WORK TO BE COMPLETED:
From the entries, copy out every line in which the word "tone" is found.

/---

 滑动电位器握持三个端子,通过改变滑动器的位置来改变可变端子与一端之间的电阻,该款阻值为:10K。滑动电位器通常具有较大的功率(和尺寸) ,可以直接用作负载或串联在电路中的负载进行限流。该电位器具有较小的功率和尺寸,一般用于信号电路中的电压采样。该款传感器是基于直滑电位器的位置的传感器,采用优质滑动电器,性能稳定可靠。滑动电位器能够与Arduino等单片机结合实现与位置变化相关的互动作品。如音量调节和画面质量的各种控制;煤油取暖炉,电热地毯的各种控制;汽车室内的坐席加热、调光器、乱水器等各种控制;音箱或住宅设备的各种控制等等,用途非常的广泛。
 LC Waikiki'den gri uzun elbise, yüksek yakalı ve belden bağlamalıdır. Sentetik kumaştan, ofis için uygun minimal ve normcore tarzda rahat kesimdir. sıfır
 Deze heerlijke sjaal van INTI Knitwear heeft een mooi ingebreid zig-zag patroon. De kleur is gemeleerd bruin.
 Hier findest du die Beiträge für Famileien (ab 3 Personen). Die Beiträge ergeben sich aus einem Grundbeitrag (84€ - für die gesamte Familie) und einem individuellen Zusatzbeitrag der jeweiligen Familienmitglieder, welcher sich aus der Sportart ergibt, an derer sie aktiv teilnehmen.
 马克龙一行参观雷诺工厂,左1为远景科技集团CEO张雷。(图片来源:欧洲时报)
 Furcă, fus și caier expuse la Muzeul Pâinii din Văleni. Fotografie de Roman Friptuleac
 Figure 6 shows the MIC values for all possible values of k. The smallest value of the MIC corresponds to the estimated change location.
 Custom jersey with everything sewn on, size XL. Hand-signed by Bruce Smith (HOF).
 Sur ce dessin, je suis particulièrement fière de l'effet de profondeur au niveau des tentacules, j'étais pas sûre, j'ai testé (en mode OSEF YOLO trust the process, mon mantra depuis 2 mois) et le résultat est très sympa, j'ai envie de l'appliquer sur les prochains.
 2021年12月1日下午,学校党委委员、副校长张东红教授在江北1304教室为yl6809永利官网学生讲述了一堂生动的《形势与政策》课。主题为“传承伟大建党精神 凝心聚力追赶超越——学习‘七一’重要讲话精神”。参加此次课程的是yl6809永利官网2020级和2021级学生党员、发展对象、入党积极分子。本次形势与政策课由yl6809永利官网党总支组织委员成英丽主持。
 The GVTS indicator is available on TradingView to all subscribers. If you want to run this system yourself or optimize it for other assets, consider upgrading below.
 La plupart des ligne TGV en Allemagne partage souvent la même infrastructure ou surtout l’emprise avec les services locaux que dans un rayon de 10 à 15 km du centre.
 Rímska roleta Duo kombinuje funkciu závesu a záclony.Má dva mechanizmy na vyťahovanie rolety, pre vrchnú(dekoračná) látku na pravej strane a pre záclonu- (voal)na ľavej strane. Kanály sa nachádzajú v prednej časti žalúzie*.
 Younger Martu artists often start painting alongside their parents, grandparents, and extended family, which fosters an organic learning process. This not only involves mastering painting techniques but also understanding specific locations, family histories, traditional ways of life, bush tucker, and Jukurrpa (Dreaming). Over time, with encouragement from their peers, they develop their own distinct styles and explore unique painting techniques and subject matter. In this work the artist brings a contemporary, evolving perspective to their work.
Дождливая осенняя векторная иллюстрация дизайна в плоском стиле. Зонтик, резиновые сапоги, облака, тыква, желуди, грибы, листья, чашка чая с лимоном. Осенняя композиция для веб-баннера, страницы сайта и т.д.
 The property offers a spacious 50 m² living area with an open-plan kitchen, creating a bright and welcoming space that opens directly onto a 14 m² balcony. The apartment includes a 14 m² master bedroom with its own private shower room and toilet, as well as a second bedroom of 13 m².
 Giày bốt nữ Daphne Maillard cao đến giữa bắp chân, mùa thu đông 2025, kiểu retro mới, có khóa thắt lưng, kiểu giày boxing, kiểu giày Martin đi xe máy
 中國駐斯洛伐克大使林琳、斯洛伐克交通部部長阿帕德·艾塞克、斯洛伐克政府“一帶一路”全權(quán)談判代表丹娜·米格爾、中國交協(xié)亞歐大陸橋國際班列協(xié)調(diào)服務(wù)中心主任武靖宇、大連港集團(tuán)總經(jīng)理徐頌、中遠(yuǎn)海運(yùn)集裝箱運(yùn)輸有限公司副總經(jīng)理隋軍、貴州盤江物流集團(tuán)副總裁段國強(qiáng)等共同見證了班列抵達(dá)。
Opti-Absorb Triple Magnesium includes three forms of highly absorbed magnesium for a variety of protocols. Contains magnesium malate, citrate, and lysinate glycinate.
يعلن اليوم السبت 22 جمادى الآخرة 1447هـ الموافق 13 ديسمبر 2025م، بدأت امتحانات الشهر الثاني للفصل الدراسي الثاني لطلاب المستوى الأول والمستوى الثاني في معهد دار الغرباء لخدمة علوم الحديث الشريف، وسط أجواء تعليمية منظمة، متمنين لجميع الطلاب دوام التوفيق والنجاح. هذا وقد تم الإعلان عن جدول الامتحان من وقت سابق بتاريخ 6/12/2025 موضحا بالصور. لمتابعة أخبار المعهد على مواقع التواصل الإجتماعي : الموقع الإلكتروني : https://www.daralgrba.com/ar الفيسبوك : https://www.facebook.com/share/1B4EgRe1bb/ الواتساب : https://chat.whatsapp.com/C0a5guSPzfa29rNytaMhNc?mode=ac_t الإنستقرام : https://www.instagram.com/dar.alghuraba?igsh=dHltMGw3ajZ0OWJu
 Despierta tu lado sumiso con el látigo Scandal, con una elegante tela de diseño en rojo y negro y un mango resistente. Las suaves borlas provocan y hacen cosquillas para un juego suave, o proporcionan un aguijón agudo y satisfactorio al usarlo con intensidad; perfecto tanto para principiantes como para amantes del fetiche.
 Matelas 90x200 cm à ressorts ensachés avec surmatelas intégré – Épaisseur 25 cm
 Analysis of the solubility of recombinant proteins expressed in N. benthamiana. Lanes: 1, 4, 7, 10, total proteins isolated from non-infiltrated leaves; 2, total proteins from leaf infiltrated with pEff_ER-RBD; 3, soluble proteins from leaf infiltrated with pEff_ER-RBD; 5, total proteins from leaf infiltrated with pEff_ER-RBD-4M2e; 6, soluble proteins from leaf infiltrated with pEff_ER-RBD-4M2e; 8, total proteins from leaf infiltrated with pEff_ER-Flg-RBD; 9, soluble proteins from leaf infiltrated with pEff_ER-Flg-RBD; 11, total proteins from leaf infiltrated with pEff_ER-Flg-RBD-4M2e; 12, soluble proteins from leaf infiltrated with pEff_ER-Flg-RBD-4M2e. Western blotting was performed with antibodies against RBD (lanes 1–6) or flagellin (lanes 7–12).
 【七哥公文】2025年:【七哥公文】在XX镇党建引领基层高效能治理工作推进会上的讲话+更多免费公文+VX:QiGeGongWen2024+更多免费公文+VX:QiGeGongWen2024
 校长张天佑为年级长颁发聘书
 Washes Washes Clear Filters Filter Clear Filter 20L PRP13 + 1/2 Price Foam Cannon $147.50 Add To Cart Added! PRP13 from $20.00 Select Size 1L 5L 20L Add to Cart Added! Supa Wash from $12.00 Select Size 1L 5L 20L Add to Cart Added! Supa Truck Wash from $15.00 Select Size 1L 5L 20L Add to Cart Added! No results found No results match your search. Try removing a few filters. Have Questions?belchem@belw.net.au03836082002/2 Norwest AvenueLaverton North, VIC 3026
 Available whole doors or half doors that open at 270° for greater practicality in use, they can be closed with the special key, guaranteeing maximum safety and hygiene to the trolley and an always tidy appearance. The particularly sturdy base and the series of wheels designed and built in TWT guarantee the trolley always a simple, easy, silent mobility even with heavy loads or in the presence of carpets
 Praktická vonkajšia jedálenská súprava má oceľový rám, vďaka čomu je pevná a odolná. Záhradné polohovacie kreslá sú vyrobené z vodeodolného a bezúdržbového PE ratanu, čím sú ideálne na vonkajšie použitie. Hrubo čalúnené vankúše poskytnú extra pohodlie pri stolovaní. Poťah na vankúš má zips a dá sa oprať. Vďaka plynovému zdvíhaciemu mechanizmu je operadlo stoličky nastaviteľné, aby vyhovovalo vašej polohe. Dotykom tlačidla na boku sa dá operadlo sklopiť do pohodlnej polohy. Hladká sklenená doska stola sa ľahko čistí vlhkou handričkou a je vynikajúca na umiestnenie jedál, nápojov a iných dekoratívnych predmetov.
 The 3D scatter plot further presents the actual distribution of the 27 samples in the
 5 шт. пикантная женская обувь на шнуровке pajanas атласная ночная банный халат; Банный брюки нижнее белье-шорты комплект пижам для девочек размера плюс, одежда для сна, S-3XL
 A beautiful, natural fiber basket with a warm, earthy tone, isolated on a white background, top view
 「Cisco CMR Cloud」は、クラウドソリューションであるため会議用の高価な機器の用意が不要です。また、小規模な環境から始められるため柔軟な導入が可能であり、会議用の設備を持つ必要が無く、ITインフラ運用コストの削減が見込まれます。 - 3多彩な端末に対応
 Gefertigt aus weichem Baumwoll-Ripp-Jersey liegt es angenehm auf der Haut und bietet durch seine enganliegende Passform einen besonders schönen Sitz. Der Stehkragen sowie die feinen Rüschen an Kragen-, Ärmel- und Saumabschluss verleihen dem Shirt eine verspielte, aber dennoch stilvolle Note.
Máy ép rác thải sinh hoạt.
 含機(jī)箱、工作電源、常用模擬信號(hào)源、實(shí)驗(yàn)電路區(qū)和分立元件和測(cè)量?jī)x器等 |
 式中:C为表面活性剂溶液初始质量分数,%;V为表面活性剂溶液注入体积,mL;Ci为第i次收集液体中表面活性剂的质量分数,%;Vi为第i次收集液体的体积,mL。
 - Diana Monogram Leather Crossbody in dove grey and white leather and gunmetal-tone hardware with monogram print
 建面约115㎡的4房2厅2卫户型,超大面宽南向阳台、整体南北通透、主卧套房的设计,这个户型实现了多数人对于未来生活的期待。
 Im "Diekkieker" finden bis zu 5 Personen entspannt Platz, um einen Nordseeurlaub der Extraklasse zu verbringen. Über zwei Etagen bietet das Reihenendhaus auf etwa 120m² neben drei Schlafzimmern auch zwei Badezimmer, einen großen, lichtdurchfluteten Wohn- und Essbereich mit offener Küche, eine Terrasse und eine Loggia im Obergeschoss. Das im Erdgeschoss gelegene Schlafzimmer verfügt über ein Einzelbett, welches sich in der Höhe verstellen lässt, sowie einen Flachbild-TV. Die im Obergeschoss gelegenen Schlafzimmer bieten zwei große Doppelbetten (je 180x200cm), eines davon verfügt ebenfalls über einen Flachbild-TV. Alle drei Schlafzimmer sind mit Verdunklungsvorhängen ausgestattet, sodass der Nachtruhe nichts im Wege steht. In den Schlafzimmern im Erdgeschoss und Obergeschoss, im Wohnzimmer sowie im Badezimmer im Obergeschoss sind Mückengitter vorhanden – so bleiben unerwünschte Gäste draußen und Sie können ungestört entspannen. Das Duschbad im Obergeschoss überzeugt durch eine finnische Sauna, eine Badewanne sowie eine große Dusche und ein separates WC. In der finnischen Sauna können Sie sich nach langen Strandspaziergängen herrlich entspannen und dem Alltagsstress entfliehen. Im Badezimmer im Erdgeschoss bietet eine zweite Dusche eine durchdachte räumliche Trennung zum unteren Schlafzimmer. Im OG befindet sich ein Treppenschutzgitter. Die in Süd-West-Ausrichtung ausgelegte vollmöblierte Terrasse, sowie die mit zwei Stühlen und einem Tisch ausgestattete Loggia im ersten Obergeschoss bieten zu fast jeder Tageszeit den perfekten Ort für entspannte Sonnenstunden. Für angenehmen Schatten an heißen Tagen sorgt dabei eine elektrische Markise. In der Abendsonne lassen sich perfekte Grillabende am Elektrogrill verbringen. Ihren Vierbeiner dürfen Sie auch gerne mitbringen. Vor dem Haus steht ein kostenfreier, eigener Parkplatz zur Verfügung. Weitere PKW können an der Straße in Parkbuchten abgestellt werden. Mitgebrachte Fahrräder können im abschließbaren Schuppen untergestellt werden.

\---

WRITTEN RESPONSE:
 A beautiful, natural fiber basket with a warm, earthy tone, isolated on a white background, top view
 - Diana Monogram Leather Crossbody in dove grey and white leather and gunmetal-tone hardware with monogram print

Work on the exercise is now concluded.